I have no problems within domains and everything is running very smoothly, 
exepct one thing (which was also not working correctly in xen-2.0.6 for me):
I can save a domain with "xm save <domainname> <suspendfile>" once and I can 
restore this domain again, but if I try a second "xm save ..." it simply 
seems to hang. Nothing happens and the last thing in the logs are these 
lines:
==> /var/log/xend.log <==
[2005-08-15 20:12:27 xend] INFO (XendMigrate:380) Save BEGIN: ['save', ['id', 
'1'], ['state', 'begin'], ['domain', '5'], ['file', '/suspend/vm-ralph']]
[2005-08-15 20:12:27 xend] INFO (XendRoot:113) EVENT> xend.domain.save 
['vm-ralph', '5', 'begin', ['save', ['id', '1'], ['state', 'begin'], 
['domain', '5'], ['file', '/suspend/vm-ralph']]]
==> /var/log/xfrd.log <==
3808 [INF] XFRD> Accepted connection from 127.0.0.1:3905 on 2
4165 [INF] XFRD> Xfr service for 127.0.0.1:3905
[DEBUG] Conn_init> flags=1
[DEBUG] Conn_init> write stream...
[DEBUG] stream_init>mode=w flags=1 compress=0
[DEBUG] stream_init> unbuffer...
[DEBUG] stream_init< err=0
[DEBUG] Conn_init> read stream...
[DEBUG] stream_init>mode=r flags=1 compress=0
[DEBUG] stream_init> unbuffer...
[DEBUG] stream_init< err=0
[DEBUG] Conn_sxpr>
(xfr.hello 1 0)[DEBUG] Conn_sxpr< err=0
[DEBUG] Conn_sxpr>
(xfr.save 5 "(domain (id 5) (name vm-ralph) (memory 127) (maxmem 128) (state 
-b---) (cpu 3) (cpu_time 1.583158713) (up_time 1401.25794005) (start_time 
1124128146.12) (console (status listening) (id 12) (domain 5) (local_port 12) 
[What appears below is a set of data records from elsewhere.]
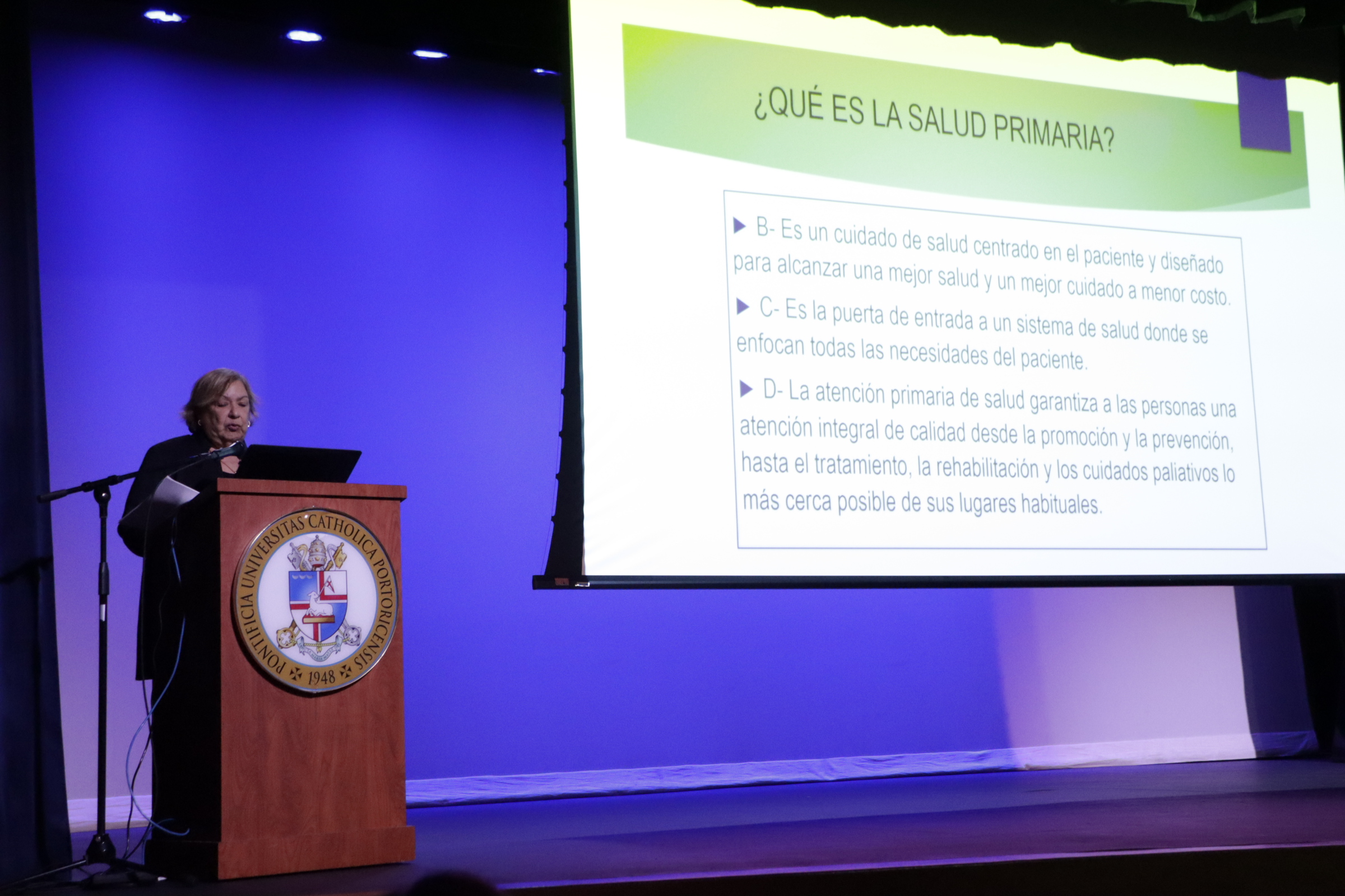 En su presentación la Dra. García enfatizó en la prevención y atención temprana como medida para evitar el progreso o aparición de condiciones de salud. “Para esta prevención es necesario ver los pacientes de manera holística, no solamente atender la salud física, sino también la salud mental y oral. Tenemos que ver la salud primaria como el muro de contención para otras enfermedades, para que no nos llegue la gente al hospital o para que la condición no se agrave o incluso no se desarrolle.  Para todas las condiciones hay puntos específicos de prevención. ¿Cuáles? No fumar, comer saludablemente, mantener un peso adecuado, hacer ejercicios, limitar el consumo de alcohol. Incluso, hasta para la prevención del Alzheimer, que pensamos que no puede prevenirse, hay cosas que si se pueden hacer para prevenirla. Por ejemplo, además de los que mencioné, haber cambios en el estilo de vida, hacer ejercicios mentales como leer y mantener una vida social activa. Estos elementos ayudan a retrasar o a evitar el desarrollo de enfermedades” explicó.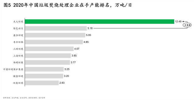 當(dāng)前,我國(guó)垃圾焚燒處理市場(chǎng)呈現(xiàn)“一枝獨(dú)秀”的競(jìng)爭(zhēng)格局:處于領(lǐng)先地位的光大環(huán)境,連續(xù)多年排名第一,截至2020年底,在手產(chǎn)能[2]12.49萬噸/日,是排在第二位的綠色動(dòng)力5.18萬噸/日的2.4倍,優(yōu)勢(shì)十分明顯,而排在第2-9位的企業(yè),在手產(chǎn)能大多在3-5萬噸/日左右,實(shí)力相當(dāng),差距不大(見圖5)。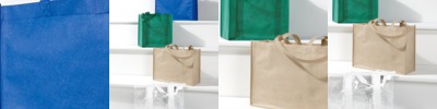 non-woven polypropylene • two closures • extra large storage capacity • 12"w x 13"h approx. imprint area • 30" handles • Size: 20"w x 16"h x 5"d
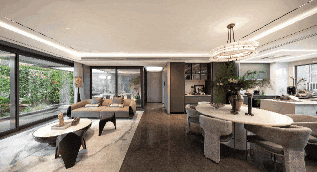 约13米舒朗尺度,客餐厨阳台一体洄游空间+全景IMAX观景阳台,繁华璀璨和城央园景一揽入怀,社交、聚会、独处皆可满足,生活场景豁然开朗。
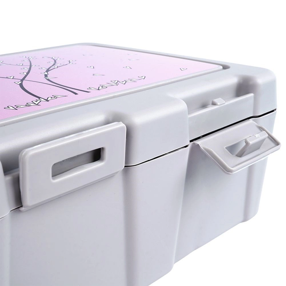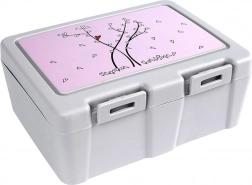 Boksen er lavet af kvalitetsplast egnet til fødevarer, i elegant grå med et dekorativt lyserødt panel med hjerter. Ideel til børn i skole og voksne på arbejde, udflugter eller rejser. For at bevare udseendet anbefales opvask i maskine ikke og den bør ikke bruges i mikrobølgeovn.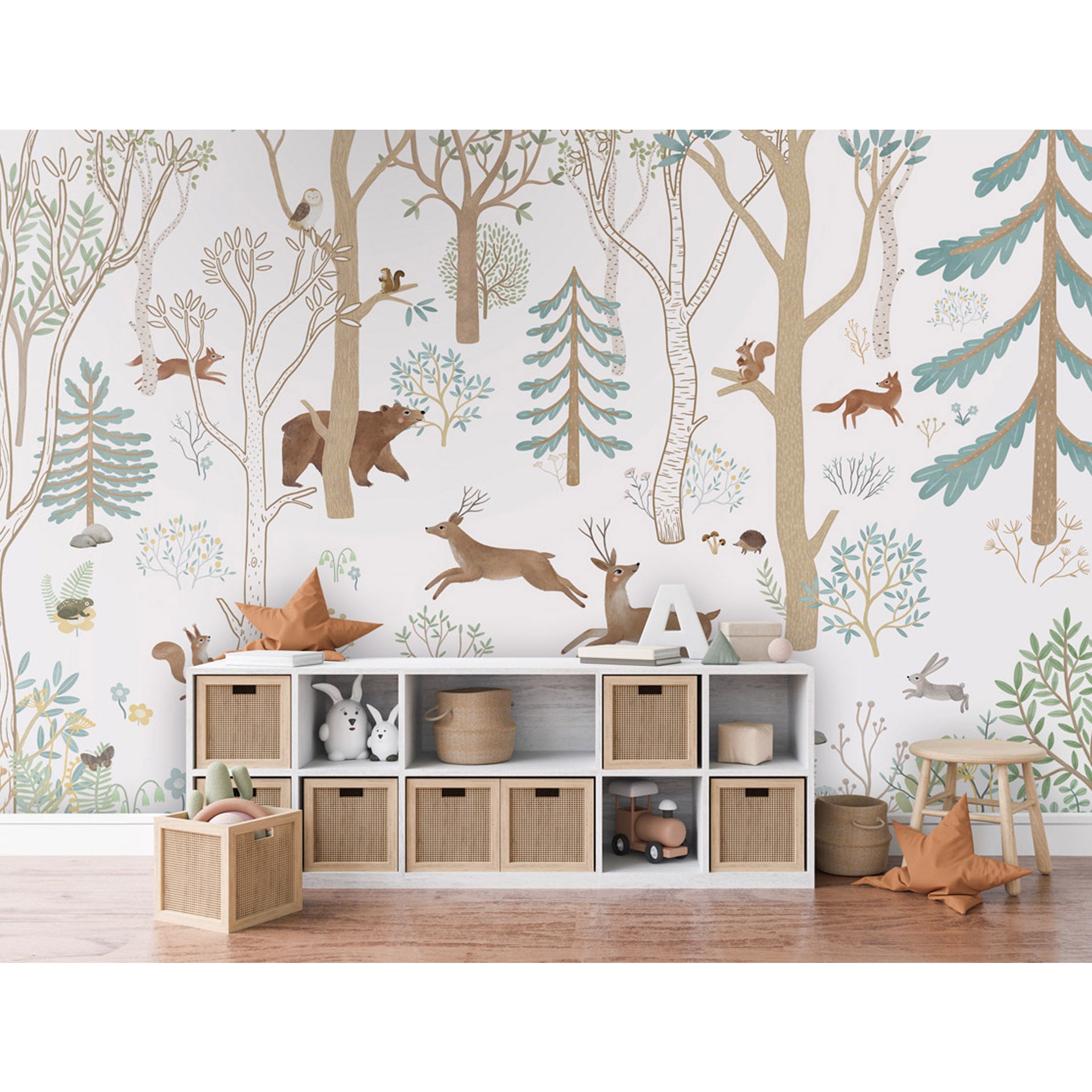 Frisky Forest:Woodland Forest Animals Watercolor Pattern With Deer, Bear, Fox and Squirrels for Nursery Décor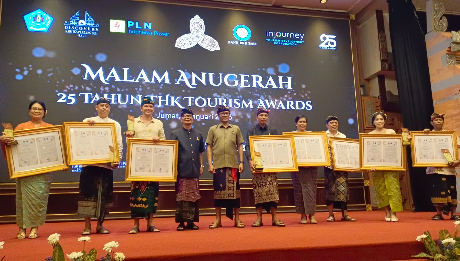 Balitopik.com, BALI – Malam puncak peringatan Jubileum Perak, 25 tahun Tri Hita Karana (THK) Awards berlangsung megah di di Discovery Kartika Plaza Hotel, Badung Bali, Jumat (9/1/2026), malam.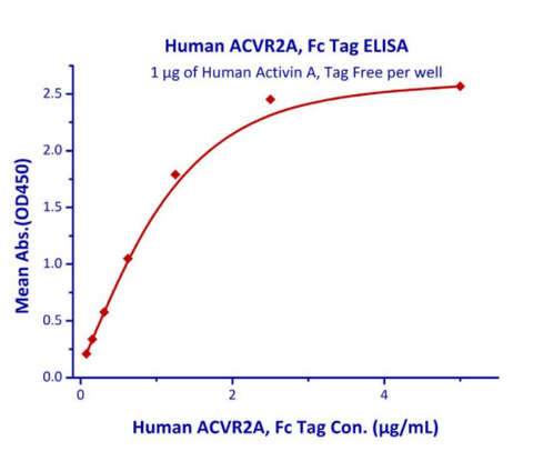 Immobilized Human Activin A, Tag Free 10μg/mL (100 μL/well) can bind Human ACVR2A, Fc Tag with a linear range of 0.08-0.625 μg/mL (QC tested).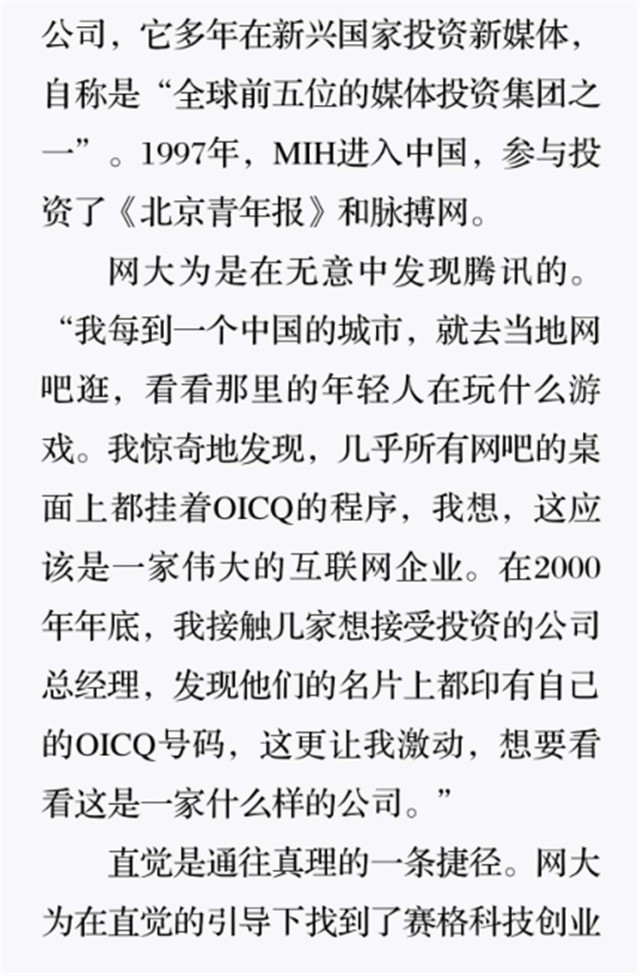 深读之后发明,其实全书真正的焦点在于透过腾讯可以视察到的中国企业逻辑,其中许多基于国情而降生的特殊能力,已往或受诟病或被追捧,而本书作者可以以越发客观的姿态对其进行剖析,这无疑是一种今世创颐魅者和企业家应当学习的姿态和能力。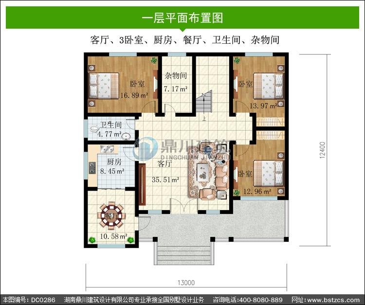 | 開間: 13米 | 進(jìn)深: 12.4米 | 占地面積: 142.77平方米 | 建筑面積: 249.95平方米 |

(remote_port 1) (console_port 9605)) (devices (vif (idx 0) (vif 0) (mac 
aa:00:00:00:00:22) (vifname vif5.0) (ip 212.79.XXX.XXX/32) (evtchn 17 4) 
(index 0)) (vbd (idx 0) (vdev 2049) (device 65030) (mode w) (dev sda1) (uname 
phy:xen-volumes/vm-ralph) (node xen-volumes/vm-ralph) (index 0)) (vbd (idx 1) 
(vdev 2050) (device 65031) (mode w) (dev sda2) (uname 
phy:xen-volumes/swap-ralph) (node xen-volumes/swap-ralph) (index 1))) (config 
(vm (name vm-ralph) (memory 128) (cpu 3) (image (linux 
(kernel /boot/xen-linux-2.6.11-domu-tops1) 
(ramdisk /boot/xen-linux-2.6.11-domu-tops1-modules) (root '/dev/sda1 ro'))) 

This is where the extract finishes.